Plaignant
Mme Marie-France Carpentier
Mis en cause
Patrick Lagacé, Paul Simier et Michel Larose, journalistes et Le Journal de Montréal (Dany Doucet, directeur de l’information); Mathieu Perreault, journaliste et le quotidien La Presse (Marcel Desjardins, vice-président et éditeur adjoint)
Résumé de la plainte
Les quatre plaintes concernent essentiellement un traitement journalistique, considéré comme inapproprié, sur des questions touchant le Mouvement Raëlien. Mme Marie-France Carpentier porte plainte contre le quotidien le Journal de Montréal et les journalistes Patrick Lagacé, Paul Simier et Michel Larose, de même que contre le quotidien La Presse et le journaliste Mathieu Perreault. Les articles contestés ont été publiés les 10 et 27 février 2001, les 28 et 29 mars 2001, et le 16 avril 2001 dans le cas du Journal de Montréal, et le 29 mars 2001 dans le cas du quotidien La Presse. La plaignante a formulé des griefs détaillés pour chacun des articles.
Griefs du plaignant
A. PLAINTE CONTRE PATRICK LAGACé ET LE JOURNAL DE MONTRéAL :
Pour Mme Carpentier, l’article du 28 mars « critique injustement les états-Unis et le Congrès amÉricain » pour avoir choisi d’écouter les deux points de vue opposés sur le sujet controversé du clonage humain. L’article ridiculise le chef d’une religion en le traitant de gourou. Il attire le mépris sur une minorité religieuse par son vocabulaire et diffame le chef d’une communauté religieuse en communiquant l’idée qu’il est dangereux.
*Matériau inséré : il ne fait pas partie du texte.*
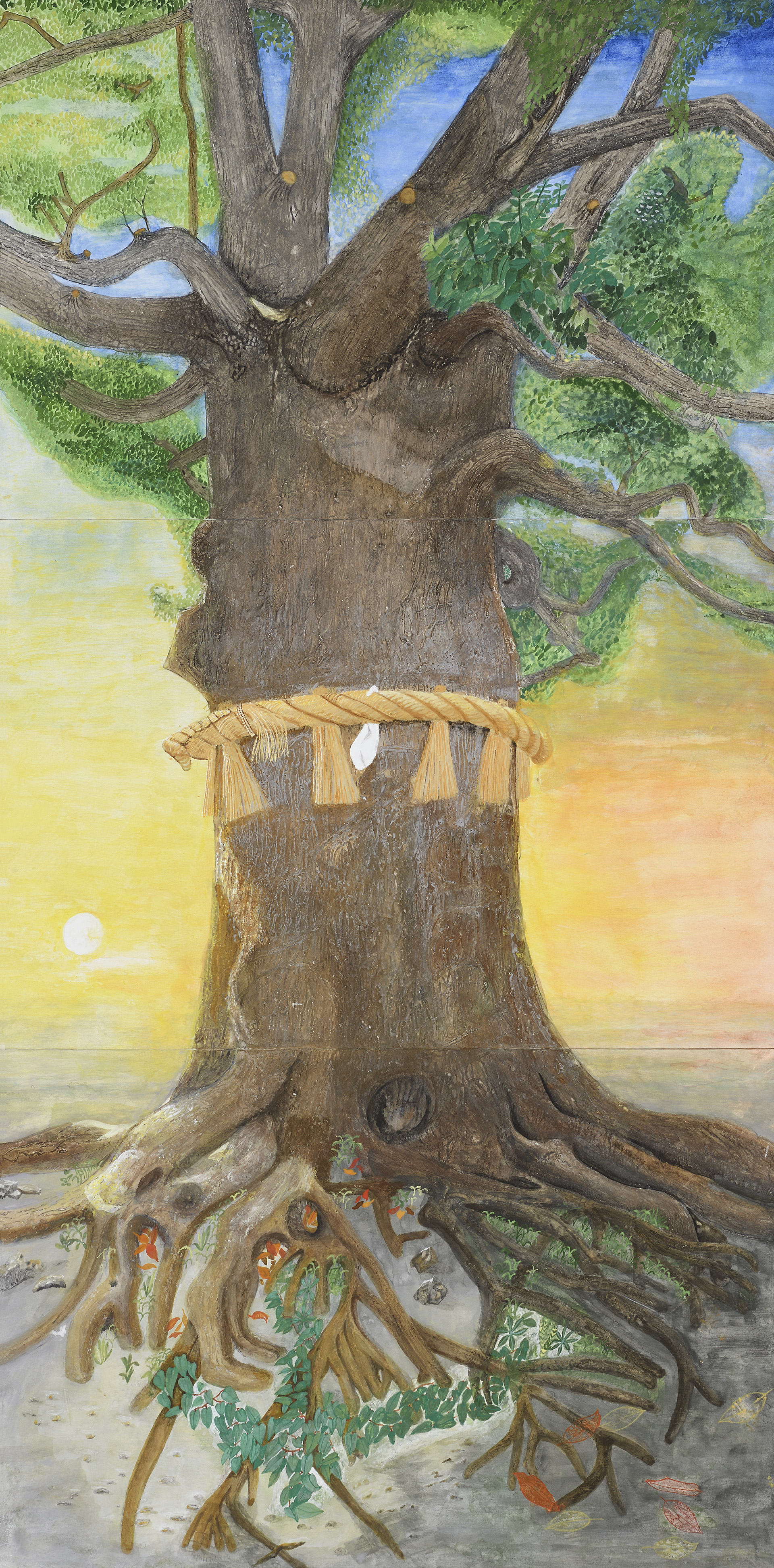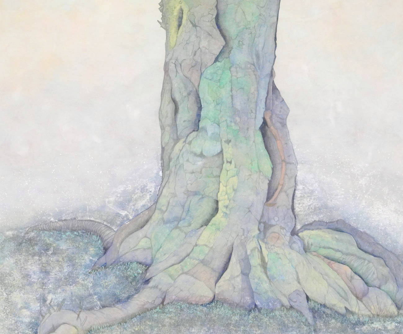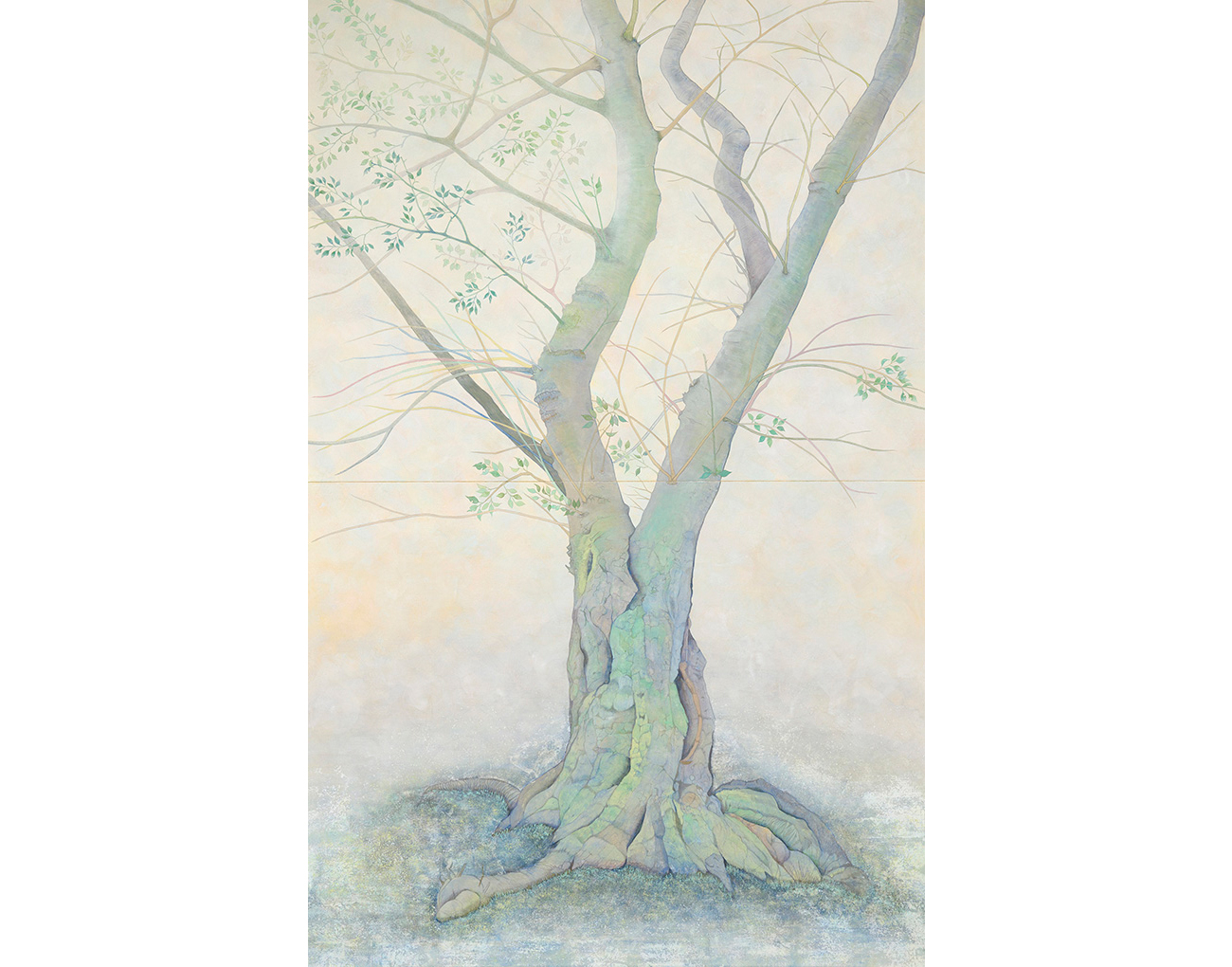 遊歩道の外れ、余花も終わりひっそりと佇む桜をモデルに描きました。日々の写生では、苔むした幹、派生した枝、そこから伸びる若く細い枝、生まれたての葉、皆が一身に太陽の光を求め動き、協力しながら成長する時間を感じずにはいられませんでした。この共生の姿こそ植物の美しさの根源ではないか、と気づいたときの感動は忘れられません。

La plaignante reproche également à l’article du 29 mars d’attirer le mépris sur un chef de religion par le choix du vocabulaire utilisé et en relève des exemples. Elle dénonce aussi la description de l’apparence vestimentaire de Mme Boisselier et le mépris ainsi attiré sur elle. La façon de l’auteur « de mener le débat est de diffamer et insulter des personnages qui, pour les membres de la religion raëlienne sont importants ». La discrimination systématique que le journaliste fait sur les personnages-clés de la religion raëlienne ressemble à de la propagande. Comme le journaliste n’oserait pas traiter de façon aussi injurieuse les dirigeants de religions conventionnelles, il s’agit, en conclut la plaignante, de discrimination.
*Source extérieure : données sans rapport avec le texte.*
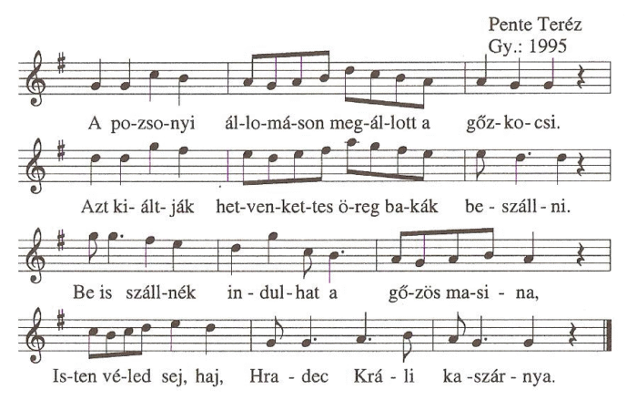 A pozsonyi állomáson megállott a gőzkocsi.Azt kiáltják hetvenkettes öreg bakák beszállni.Be is szállnék indulhat a gőzmasina,Isten véled sej, haj, Hradec...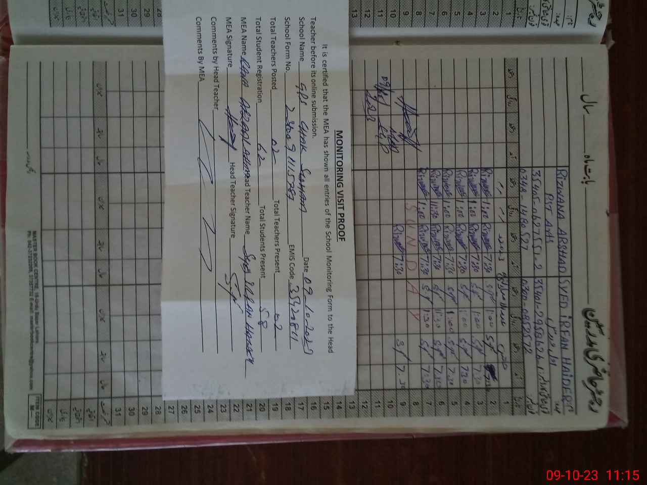 | Attendance Register | Head Teacher | MEA with School | Visit Proof |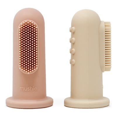 Mushie Finger Tandborste Blush/Shifting Sand är ett 2-pack smarta fingertandborstar för ditt barns ömma tandkött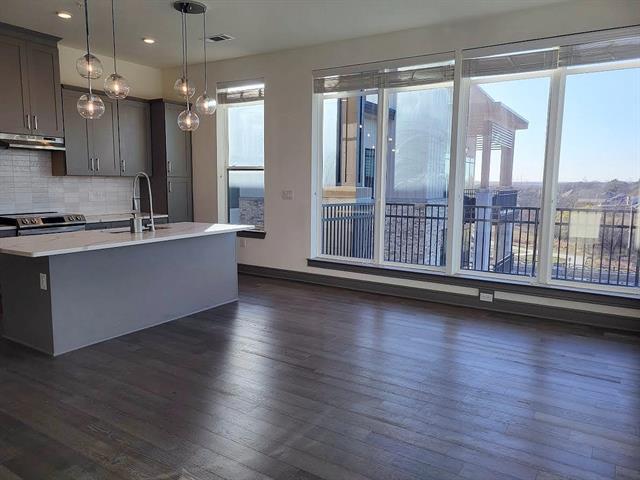 2bed room and 2 bath room condo is located on 3rd floor and a beautiful creek view side with walking trail. This condominium was completed their construction in 2023. It has 5 elevators up to 4th floor. It is modern and clean. This 4 story building has mail box room, secure entry, big conference room Gym and game room, kitchen and bar, access to pool and bike storage, jogging trails. It is easy to access from I-35 and George Bush highway and 121..

B. PLAINTE CONTRE PAUL SIMIER ET LE JOURNAL DE MONTRéAL :
Article du samedi 10 février 2001. Mme Carpentier estime que M. Simier accuse faussement le gouvernement du Québec de commettre un acte répréhensible alors que ce gouvernement ne fait qu’exercer un de ses droits. Elle lui reproche d’insinuer que le groupe des Raëliens n’est autre chose qu’une minorité religieuse en le qualifiant de « secte ». Le journaliste ferait du sensationnalisme et attiserait le mépris sur un groupe identifiable en utilisant des termes comme « gourou » et « secte »; il inciterait un organisme du gouvernement et les lecteurs du journal à faire de la discrimination; et en ferait également lui-même à l’égard du groupe de Raëliens; il suggérerait aux lecteurs qu’ils sont victimes d’un acte répréhensible perpétré par une minorité religieuse; et enfin il attiserait la haine sur un groupe identifiable.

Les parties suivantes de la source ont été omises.